### ASSIGNMENT
Copy each line of the data below, character for character.

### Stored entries
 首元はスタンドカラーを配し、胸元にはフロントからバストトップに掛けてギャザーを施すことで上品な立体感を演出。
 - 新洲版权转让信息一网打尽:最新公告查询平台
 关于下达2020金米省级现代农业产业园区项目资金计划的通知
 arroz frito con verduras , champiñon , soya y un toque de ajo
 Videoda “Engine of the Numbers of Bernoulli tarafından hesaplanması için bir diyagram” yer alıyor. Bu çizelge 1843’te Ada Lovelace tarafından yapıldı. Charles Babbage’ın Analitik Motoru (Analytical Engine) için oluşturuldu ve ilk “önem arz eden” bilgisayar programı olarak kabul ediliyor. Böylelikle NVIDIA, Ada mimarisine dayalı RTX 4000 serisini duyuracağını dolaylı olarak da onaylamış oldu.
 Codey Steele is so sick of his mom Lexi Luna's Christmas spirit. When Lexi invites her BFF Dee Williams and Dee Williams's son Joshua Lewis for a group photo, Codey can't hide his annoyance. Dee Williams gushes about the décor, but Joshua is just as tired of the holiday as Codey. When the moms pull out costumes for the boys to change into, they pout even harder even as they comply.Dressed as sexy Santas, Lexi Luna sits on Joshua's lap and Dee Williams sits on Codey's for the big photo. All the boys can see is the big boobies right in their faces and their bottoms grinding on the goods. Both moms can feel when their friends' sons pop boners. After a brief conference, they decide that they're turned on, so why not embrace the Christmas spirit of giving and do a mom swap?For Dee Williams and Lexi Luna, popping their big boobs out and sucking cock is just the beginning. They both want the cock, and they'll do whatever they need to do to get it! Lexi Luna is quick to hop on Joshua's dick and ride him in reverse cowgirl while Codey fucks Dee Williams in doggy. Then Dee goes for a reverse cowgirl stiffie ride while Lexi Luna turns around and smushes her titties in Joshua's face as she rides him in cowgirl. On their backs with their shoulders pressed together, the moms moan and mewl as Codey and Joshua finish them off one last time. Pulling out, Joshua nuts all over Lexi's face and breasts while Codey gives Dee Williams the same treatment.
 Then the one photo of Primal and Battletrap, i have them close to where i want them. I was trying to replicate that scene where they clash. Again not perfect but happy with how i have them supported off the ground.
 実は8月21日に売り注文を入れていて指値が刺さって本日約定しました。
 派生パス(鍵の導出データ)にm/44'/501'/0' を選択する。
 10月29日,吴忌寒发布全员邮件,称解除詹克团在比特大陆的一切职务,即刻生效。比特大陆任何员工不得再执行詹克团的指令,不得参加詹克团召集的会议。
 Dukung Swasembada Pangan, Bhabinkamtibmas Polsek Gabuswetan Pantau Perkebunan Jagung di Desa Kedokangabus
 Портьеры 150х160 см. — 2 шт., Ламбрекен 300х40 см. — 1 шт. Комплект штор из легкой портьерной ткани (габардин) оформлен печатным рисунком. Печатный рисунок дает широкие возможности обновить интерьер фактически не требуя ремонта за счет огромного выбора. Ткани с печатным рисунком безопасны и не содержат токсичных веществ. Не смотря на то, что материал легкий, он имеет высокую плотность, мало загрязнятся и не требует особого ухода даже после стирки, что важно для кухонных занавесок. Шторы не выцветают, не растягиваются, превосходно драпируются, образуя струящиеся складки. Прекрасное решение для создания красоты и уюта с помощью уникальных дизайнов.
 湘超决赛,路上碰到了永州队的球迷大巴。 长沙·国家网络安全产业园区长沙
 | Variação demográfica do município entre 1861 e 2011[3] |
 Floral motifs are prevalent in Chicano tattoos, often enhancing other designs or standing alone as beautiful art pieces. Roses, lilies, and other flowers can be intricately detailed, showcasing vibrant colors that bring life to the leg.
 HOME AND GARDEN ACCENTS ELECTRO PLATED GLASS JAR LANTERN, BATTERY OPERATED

### EXPECTED OUTPUT
 首元はスタンドカラーを配し、胸元にはフロントからバストトップに掛けてギャザーを施すことで上品な立体感を演出。
 - 新洲版权转让信息一网打尽:最新公告查询平台
 关于下达2020金米省级现代农业产业园区项目资金计划的通知
 arroz frito con verduras , champiñon , soya y un toque de ajo
 Videoda “Engine of the Numbers of Bernoulli tarafından hesaplanması için bir diyagram” yer alıyor. Bu çizelge 1843’te Ada Lovelace tarafından yapıldı. Charles Babbage’ın Analitik Motoru (Analytical Engine) için oluşturuldu ve ilk “önem arz eden” bilgisayar programı olarak kabul ediliyor. Böylelikle NVIDIA, Ada mimarisine dayalı RTX 4000 serisini duyuracağını dolaylı olarak da onaylamış oldu.
 Codey Steele is so sick of his mom Lexi Luna's Christmas spirit. When Lexi invites her BFF Dee Williams and Dee Williams's son Joshua Lewis for a group photo, Codey can't hide his annoyance. Dee Williams gushes about the décor, but Joshua is just as tired of the holiday as Codey. When the moms pull out costumes for the boys to change into, they pout even harder even as they comply.Dressed as sexy Santas, Lexi Luna sits on Joshua's lap and Dee Williams sits on Codey's for the big photo. All the boys can see is the big boobies right in their faces and their bottoms grinding on the goods. Both moms can feel when their friends' sons pop boners. After a brief conference, they decide that they're turned on, so why not embrace the Christmas spirit of giving and do a mom swap?For Dee Williams and Lexi Luna, popping their big boobs out and sucking cock is just the beginning. They both want the cock, and they'll do whatever they need to do to get it! Lexi Luna is quick to hop on Joshua's dick and ride him in reverse cowgirl while Codey fucks Dee Williams in doggy. Then Dee goes for a reverse cowgirl stiffie ride while Lexi Luna turns around and smushes her titties in Joshua's face as she rides him in cowgirl. On their backs with their shoulders pressed together, the moms moan and mewl as Codey and Joshua finish them off one last time. Pulling out, Joshua nuts all over Lexi's face and breasts while Codey gives Dee Williams the same treatment.
 Then the one photo of Primal and Battletrap, i have them close to where i want them. I was trying to replicate that scene where they clash. Again not perfect but happy with how i have them supported off the ground.
 実は8月21日に売り注文を入れていて指値が刺さって本日約定しました。
 派生パス(鍵の導出データ)にm/44'/501'/0' を選択する。
 10月29日,吴忌寒发布全员邮件,称解除詹克团在比特大陆的一切职务,即刻生效。比特大陆任何员工不得再执行詹克团的指令,不得参加詹克团召集的会议。
 Dukung Swasembada Pangan, Bhabinkamtibmas Polsek Gabuswetan Pantau Perkebunan Jagung di Desa Kedokangabus
 Портьеры 150х160 см. — 2 шт., Ламбрекен 300х40 см. — 1 шт. Комплект штор из легкой портьерной ткани (габардин) оформлен печатным рисунком. Печатный рисунок дает широкие возможности обновить интерьер фактически не требуя ремонта за счет огромного выбора. Ткани с печатным рисунком безопасны и не содержат токсичных веществ. Не смотря на то, что материал легкий, он имеет высокую плотность, мало загрязнятся и не требует особого ухода даже после стирки, что важно для кухонных занавесок. Шторы не выцветают, не растягиваются, превосходно драпируются, образуя струящиеся складки. Прекрасное решение для создания красоты и уюта с помощью уникальных дизайнов.
 湘超决赛,路上碰到了永州队的球迷大巴。 长沙·国家网络安全产业园区长沙
 | Variação demográfica do município entre 1861 e 2011[3] |
 Floral motifs are prevalent in Chicano tattoos, often enhancing other designs or standing alone as beautiful art pieces. Roses, lilies, and other flowers can be intricately detailed, showcasing vibrant colors that bring life to the leg.
 HOME AND GARDEN ACCENTS ELECTRO PLATED GLASS JAR LANTERN, BATTERY OPERATED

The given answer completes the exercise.